Reliance Industries (RIL) plans to refinance a significant portion of about $12 billion of borrowings that mature over the next three years and may sell bonds to repay the debt, according to company executives with knowledge of the matter.
India’s largest company by market value will repay some of the debt coming due, mostly bonds and interest, the officials said, asking not to be identified discussing confidential matters. Reliance’s repayments from 2018 through 2020 will be its biggest for any previous three-year period and comprise $8.14 billion of term loans, $3.52 billion of bonds and a $300 million revolving loan, according to data compiled by Bloomberg. It also has about $1.65 billion of interest payments, the data show.
Reliance’s borrowings have ballooned over the past five years as the group invested in building its telecom business, a petcoke gasification unit and in expanding petrochemical capacities. The plan to tap the bond market is part of a larger trend that’s seen Indian companies choosing bonds over loans for the first time in at least a decade. One of the fastest economic growth rates in the world and Prime Minister Narendra Modi’s reforms have attracted global funds to India, reducing costs for issuers.
“There is a lot of appetite among investors for Indian issuers,” said Raj Kothari, head of trading at Jay Capital in London. “Reliance being the biggest company from India, with solid finances, there would be
no challenges for the firm in refinancing its debt.”

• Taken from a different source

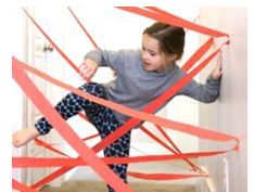 Para la siguiente actividad necesitaremos cinta adhesiva, algún lazo largo, o lana y un pasillo. Y vamos a crear una telaraña donde los miembros de la familia deben pasar, utilizando el equilibrio, debemos esquivar la telaraña, si llegamos a tocar con nuestro cuerpo una parte de la telaraña debemos regresar hasta el principio.

Reliance has sufficient cash though it won’t use it to repay maturing debt as the company’s credit ratings and strong finances enable it to raise funds at competitive rates, the people said.
A Reliance spokesman did not respond to an e-mail seeking comment. S&P Global Ratings has a BBB+ score on Reliance’s long-term debt, two levels above the sovereign, while Moody’s has the company at Baa2, a notch above the Indian government.